Can JSON represent all types of data?
JSON supports six data types: strings (UTF-8 text in double quotes), numbers (integers and floating-point, no distinction), booleans (true or false), null, objects (unordered key-value maps), and arrays (ordered lists). Notably absent are: dates (typically serialized as ISO 8601 strings like "2024-01-15T10:30:00Z"), binary data (commonly encoded as Base64 strings), and undefined. For most application data these limitations are easy to work around with conventions. If you need to represent binary files, rich types, or schemas with strong typing, consider formats like MessagePack, CBOR, or Protocol Buffers — but for human-readable configuration and API data, JSON's simplicity is a deliberate design strength.

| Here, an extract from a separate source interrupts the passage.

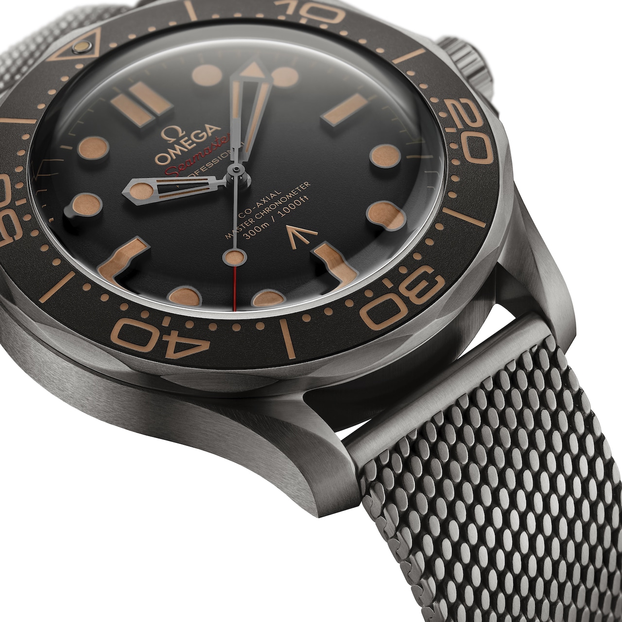 Primeramente, su caja y brazalete de malla son de titanio Grado 2, material fuerte y ligero, aunque también se vende con una pulsera NATO café, gris y beige. La carátula es de aluminio con un tono café vintage tipo “tropical” y el bisel giratorio unidireccional es del mismo material. El fondo tiene varios números con significado: 0552 es un código naval; 923 7697 es el número para un reloj de submarinismo; la letra A indica que tiene corona enroscada; 007 es la clave de Bond, y 62 se refiere a 1962, el año en el que se estrenó la primera película del agente.
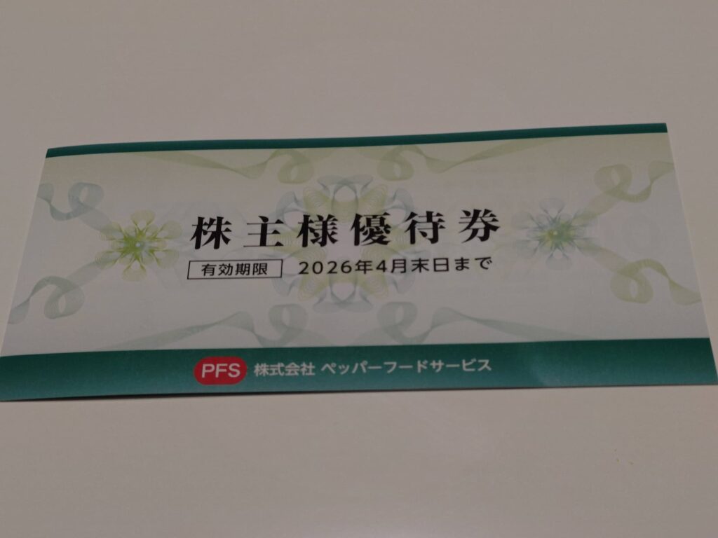 ペッパーフードサービス(3053)から株主優待が届きました。

Is my JSON data secure when I use this tool?
Yes. This formatter runs entirely in your browser using JavaScript. Your JSON is never transmitted to any server, never logged, and never stored beyond the current browser session. When you close or refresh the page, the data is gone. This is especially important for JSON that contains API keys, authentication tokens, personal information, or proprietary business data — all categories of data that you should never paste into a tool that uploads content to a remote server. You can verify this by opening your browser's Network tab in Developer Tools while using the formatter; you will see zero network requests related to your data.
Tips for Working with JSON Efficiently
Always validate JSON immediately after receiving it from an external source — an upstream service might return malformed JSON during an error state, and catching this early saves debugging time. When writing JSON configuration files by hand, use a code editor with JSON language support so you get inline error indicators as you type. Prefer 2-space indentation for JSON stored in version-controlled repositories; it keeps line lengths shorter and makes pull request diffs easier to review. Use the object depth metric shown by this tool as a complexity signal: deeply nested JSON (beyond 5–6 levels) often indicates a data model that would benefit from restructuring. When debugging API integrations, paste the raw response body here first to verify it is valid JSON before attempting to parse it in your code — this immediately rules out encoding or content-type issues as the source of a bug.